→ WORK TO COMPLETE
Return only the lines below starting at the line containing "Cette valise rigide" and ending at the line containing "3.Cut the purple", both included, exactly as they are and with no pictures.

→ GIVEN RECORDS
- Opening Delimiter -
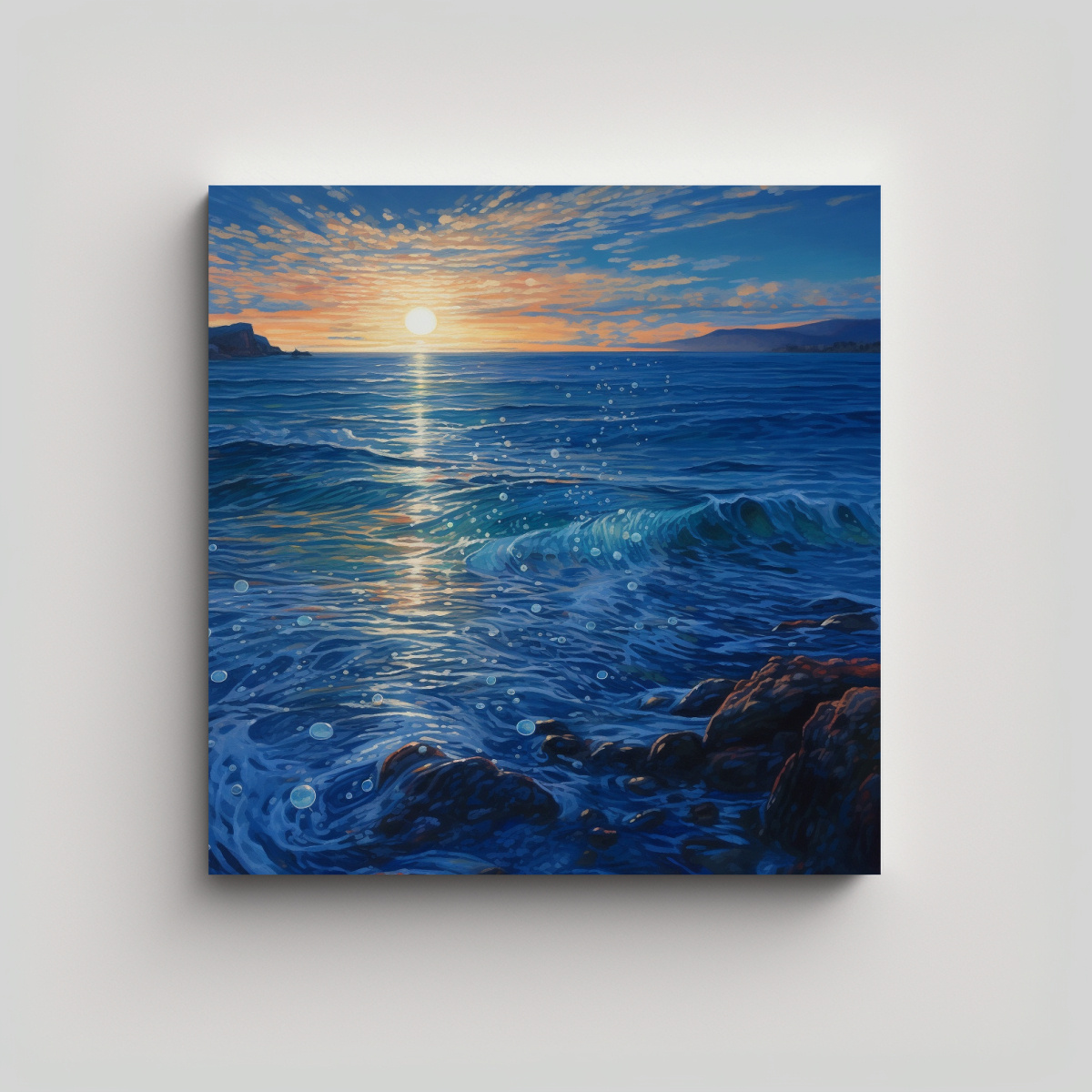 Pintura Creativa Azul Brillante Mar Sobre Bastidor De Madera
- Closing Delimiter -
- Opening Delimiter -
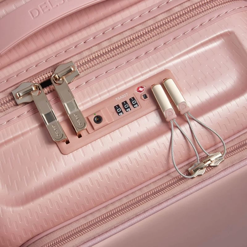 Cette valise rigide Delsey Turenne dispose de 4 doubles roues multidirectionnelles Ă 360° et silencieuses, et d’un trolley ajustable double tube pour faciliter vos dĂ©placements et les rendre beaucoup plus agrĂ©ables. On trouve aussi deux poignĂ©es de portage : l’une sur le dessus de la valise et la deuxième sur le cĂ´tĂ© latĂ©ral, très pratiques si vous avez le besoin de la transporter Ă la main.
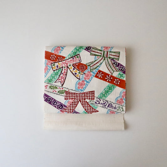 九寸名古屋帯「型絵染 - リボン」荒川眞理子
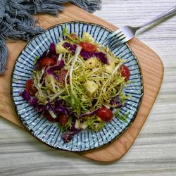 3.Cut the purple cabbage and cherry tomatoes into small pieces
- Closing Delimiter -
→ SOLVED EXERCISE
 Cette valise rigide Delsey Turenne dispose de 4 doubles roues multidirectionnelles Ă 360° et silencieuses, et d’un trolley ajustable double tube pour faciliter vos dĂ©placements et les rendre beaucoup plus agrĂ©ables. On trouve aussi deux poignĂ©es de portage : l’une sur le dessus de la valise et la deuxième sur le cĂ´tĂ© latĂ©ral, très pratiques si vous avez le besoin de la transporter Ă la main.
 九寸名古屋帯「型絵染 - リボン」荒川眞理子
 3.Cut the purple cabbage and cherry tomatoes into small pieces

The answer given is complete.